## Source material
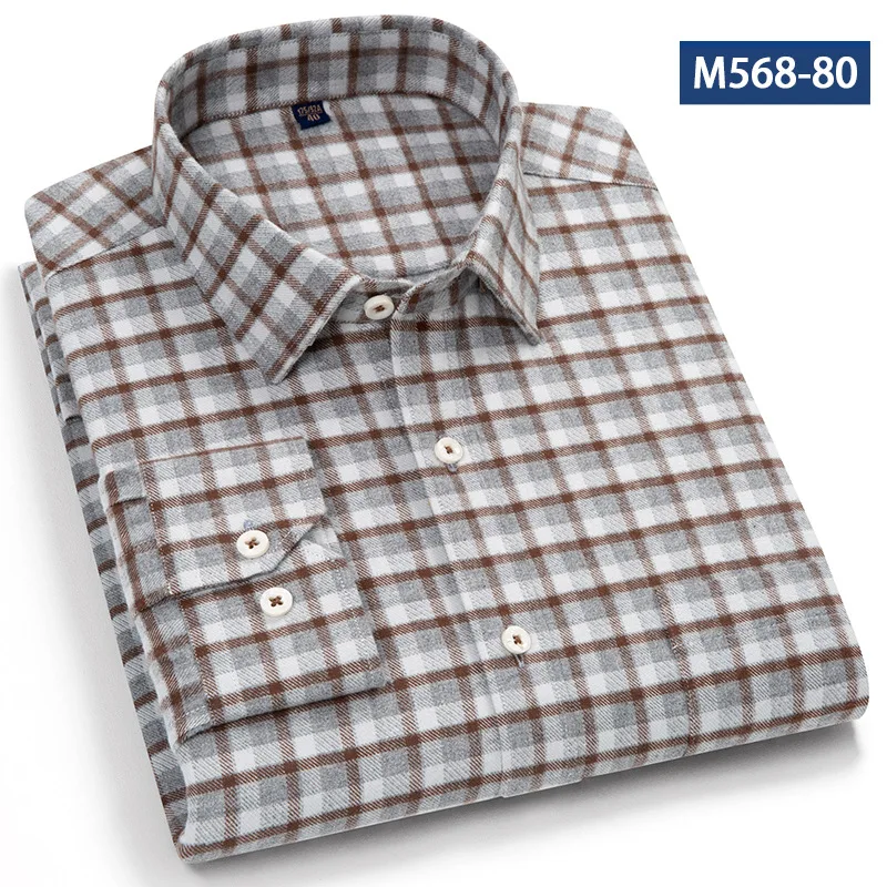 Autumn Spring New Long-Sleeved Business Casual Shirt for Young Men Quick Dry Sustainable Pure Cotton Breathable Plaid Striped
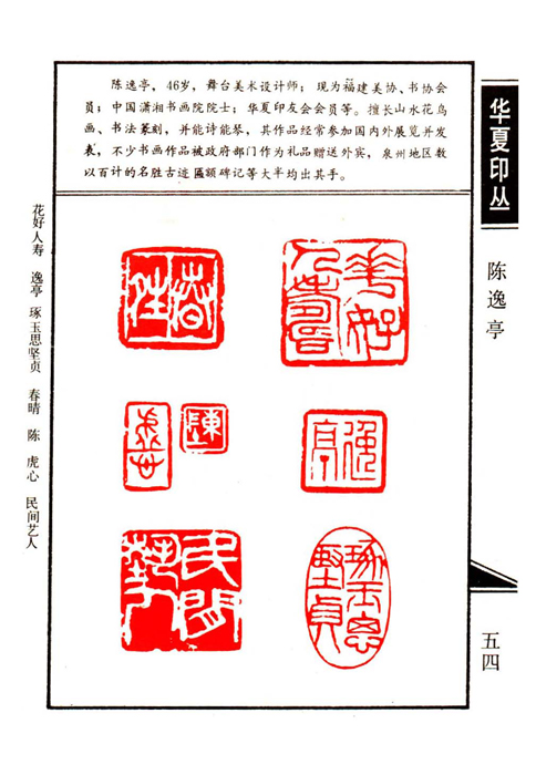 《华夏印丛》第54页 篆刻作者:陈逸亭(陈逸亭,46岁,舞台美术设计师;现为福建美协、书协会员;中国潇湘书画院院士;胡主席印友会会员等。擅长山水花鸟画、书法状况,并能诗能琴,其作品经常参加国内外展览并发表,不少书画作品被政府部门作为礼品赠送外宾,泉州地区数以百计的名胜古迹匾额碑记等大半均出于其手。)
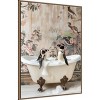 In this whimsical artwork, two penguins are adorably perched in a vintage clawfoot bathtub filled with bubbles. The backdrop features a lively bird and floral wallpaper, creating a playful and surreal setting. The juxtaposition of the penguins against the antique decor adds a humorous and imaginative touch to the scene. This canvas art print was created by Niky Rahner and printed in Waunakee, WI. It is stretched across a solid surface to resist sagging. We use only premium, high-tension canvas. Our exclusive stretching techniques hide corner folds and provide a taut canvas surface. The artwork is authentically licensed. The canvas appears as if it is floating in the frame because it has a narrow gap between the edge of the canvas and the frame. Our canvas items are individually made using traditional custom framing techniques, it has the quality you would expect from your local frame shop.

* * *

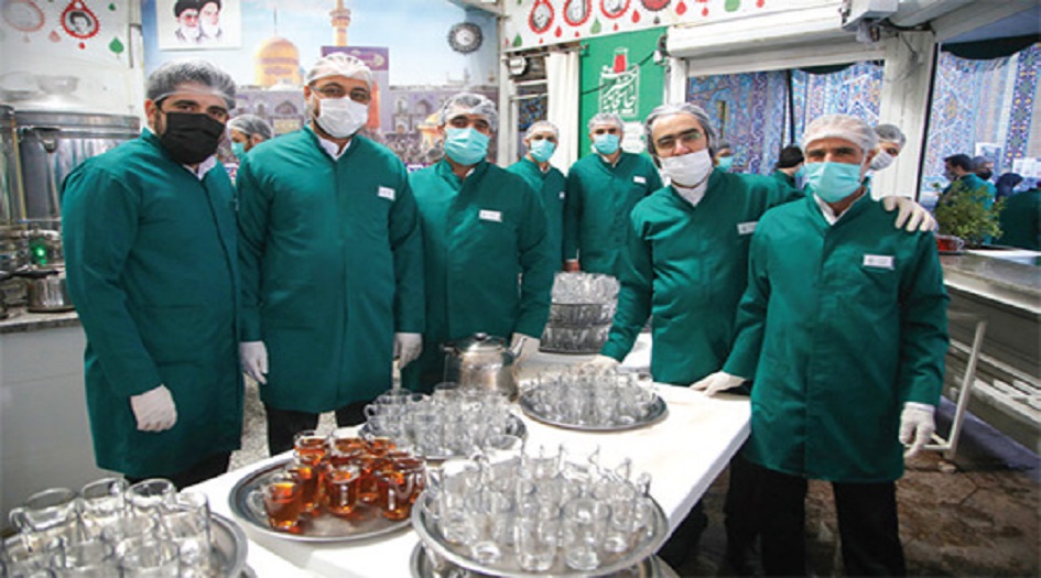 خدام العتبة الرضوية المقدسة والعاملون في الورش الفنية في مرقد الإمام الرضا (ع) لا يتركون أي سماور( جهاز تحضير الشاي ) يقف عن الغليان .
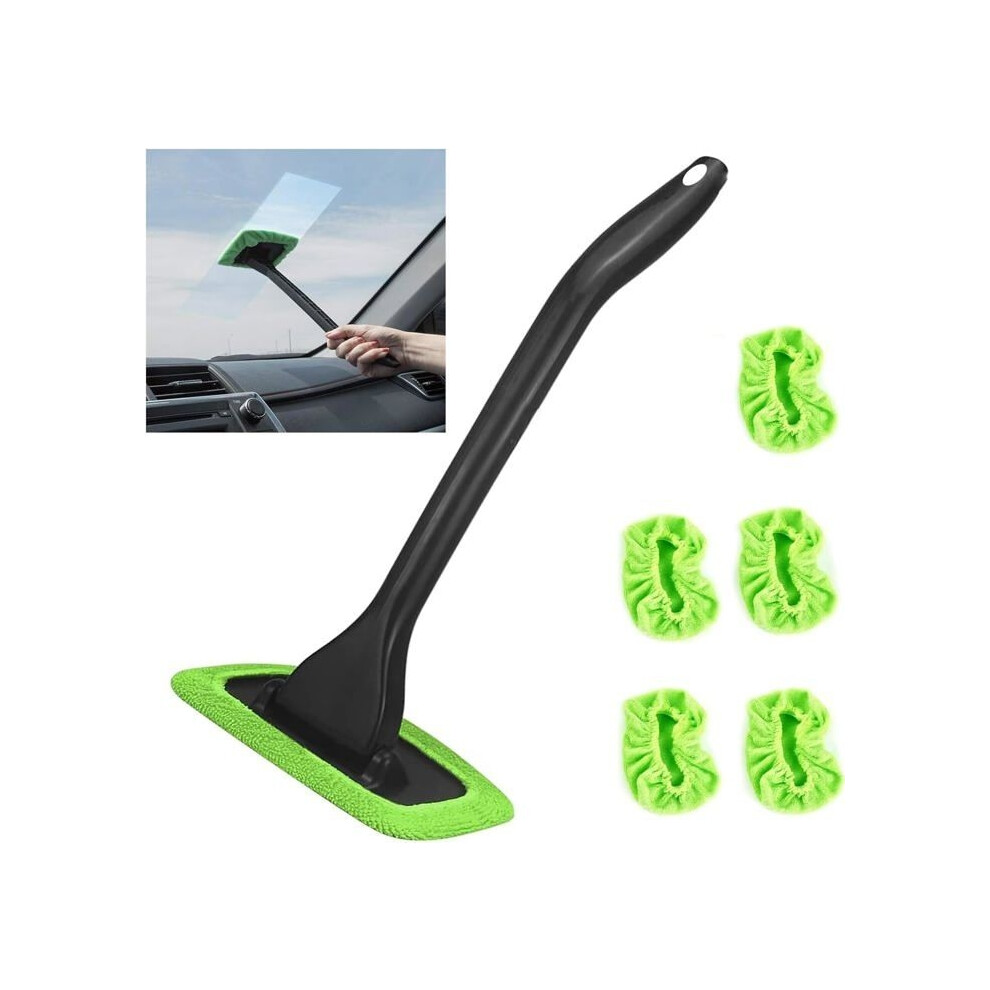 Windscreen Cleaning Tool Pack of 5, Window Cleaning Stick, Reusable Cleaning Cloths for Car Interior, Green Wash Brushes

## Directions for this task
In the listing above, find the line with "خدام العتبة الرضوية" and the line with "Windscreen Cleaning Tool". Copy both of them and every line between, exactly, but not the pictures.

## Solution below
 خدام العتبة الرضوية المقدسة والعاملون في الورش الفنية في مرقد الإمام الرضا (ع) لا يتركون أي سماور( جهاز تحضير الشاي ) يقف عن الغليان .
 Windscreen Cleaning Tool Pack of 5, Window Cleaning Stick, Reusable Cleaning Cloths for Car Interior, Green Wash Brushes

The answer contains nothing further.